Your contention is that the Sistine Chapel¹ is not a place dedicated by
Christians to the glorification of God? Like it's not, say, a chapel? And they
don't have art work depicting the lives of important people in the Christian
faith, or imagery that Christians might use as part of their worship.

When the Sistine Chapel choir sings the Miserere, say, to assembled members of
the Roman Catholic church, you don't think that maybe, just maybe that means
that the people who own the building consider it to be - perhaps - just a tiny
bit of a building for religious devotion ... now what's that word, oh yeah,
perhaps they consider it to be a _chapel_.

Would you go to a Mosque, perhaps the Great Mosque in Istanbul, and say
"people shouldn't be imposing their religion on me, like, just because I came
to a mosque".

"Why should I respect your beliefs as a Christian when I choose to visit a
Christian chapel" is that really your considered opinion?

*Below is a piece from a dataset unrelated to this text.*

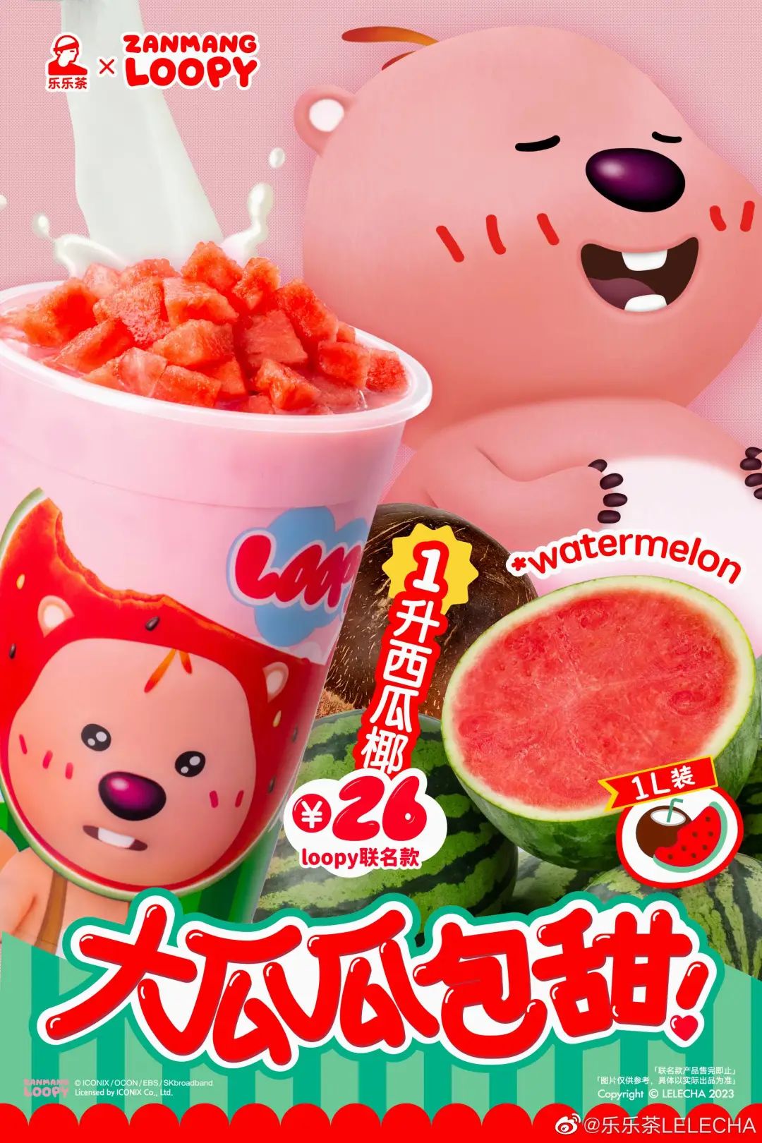 乐乐茶最近大概是放大招了,前有「打工人」表情包新品,后有主动和 Loopy 合作推出西瓜椰。

TBH if it weren't for your long standing on this site I'd have dismissed your
comment as an obvious troll.

Now if I go picking apart your need to hide from God, your desire to run from
the truth, your imposition of your beliefs on others in an affront to the
truth ... I'm guessing you're going to consider that this isn't really the
appropriate forum for such a conversation, that I'm being crass and troll-
like, no? Perhaps you'll start by telling me you're only interested in the
truth despite your "not a place of worship" claim being the most obvious of
falsehoods and putting the lie to such a notion ...

\- - -

¹ -
[http://www.youtube.com/watch?v=pUQyLXKdF_M](http://www.youtube.com/watch?v=pUQyLXKdF_M)
Roman Catholic mass being celebrated in the Sistine Chapel, March 2013.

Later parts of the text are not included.